Though, some still think that way, anyhow; guilt has a way of being tenacious. But they don’t have to, is the point, notwithstanding that the consequences of a past bad decision might not plague us. You’ll just have to man up and accept it, but that does not mean God is doing such as a punishment.
What if my dad still had it in for me for borrowing his Rambler—or was it mine by then?—and running it through snowbanks on a joyride with friends? The next morning when it wouldn’t start, he came out to help, popped the hood, and you couldn’t see the engine, so packed it was with snow under that hood! “This is a car—not a tractor!” he groused.
Or what if I had run someone over on that drive while under the influence? Thank ‘Mothers Against Drunk Driving,’ which did not exist at the time, that such recklessness today is relatively rare, whereas it used to be common as bread. And if you ran someone over, it was, ‘Hey, what do you expect? Sorry, but I was drunk. You know how it is.’ Now, it would mean serious jail time, huge monetary fine, and loss of driving privilege—none of which would be punishment from God, but the consequences of bad actions. Fortunately, I didn’t run over anyone.

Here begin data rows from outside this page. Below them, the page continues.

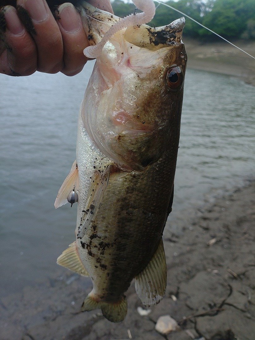 今年初の津久井湖陸っぱりバス。大減水中の津久井湖で釣れるのか心配でしたが、2時間20分でアタリ4回で2本ゲットとまずまず楽しめました。湖岸は滑りやすくなっていますので、長靴・自動膨張ライフジャケット必携で楽しみましょう。
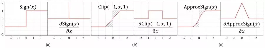 (1)在对激活值求导的时候,由于二值化激活值的 sign 函数不可导,所以在前人(Binary Net)采用的方法是利用 clip(-1,x,1) 的导数来拟合 sign 的导数,但是这样造成的效果就是,网络在正向计算 loss 的时候所看到的是一个以 sign 为非线性函数的网络,而在反向计算 gradients 的时候是根据一个以 clip 为非线性函数的网络进行计算的。由于 clip 函数与 sign 函数有差距,这种计算方式会带来所谓的导数值不匹配的问题。基于这个,我们提出用二阶拟合 sign 的 ApproxSign 的导数来作为 sign 的导数,从而缩小导数值的不匹配问题。这个带来了约 12% 的性能提升。
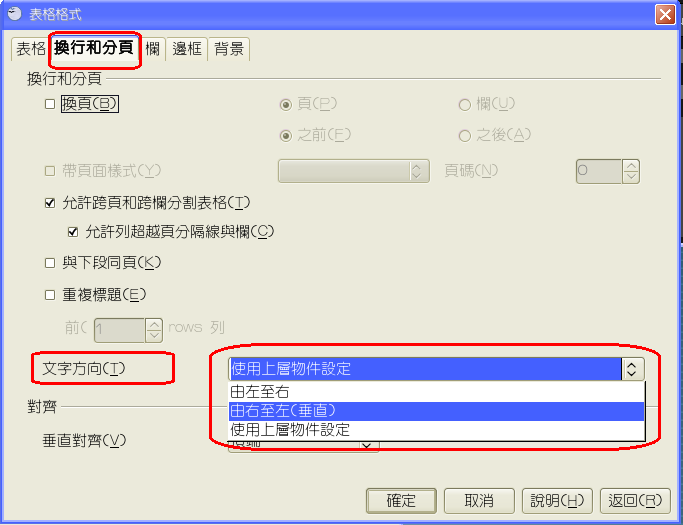 4..選擇『文字方向』為垂直

And if Job is filing a brief against God, it seems clear that his three associates will not be witnesses for the defense. Nor will they be for the prosecution, as they have repeatedly said wrong things about God. They’ll just serve as people in the gallery hurling catcalls. That’s why it would be best if they shut up:
If only you would keep absolutely silent, That would show wisdom on your part. Listen, please, to my arguments, And pay attention to the pleadings of my lips. Will you speak unjustly on God’s behalf, And will you speak deceitfully for him? Will you take his side, Will you try to plead the case of the true God? Would it turn out well if he examined you? Will you fool him as you would a mortal man? He will surely rebuke you If you secretly try to show favoritism. (13:5-10)
After all, what do they really have to contribute?
Your wise sayings are proverbs of ashes; Your defenses are as fragile as defenses of clay. Keep silent before me, so that I may speak. Then let whatever may come upon me come! (12-13)
The trouble with people who should shut up is that they seldom do.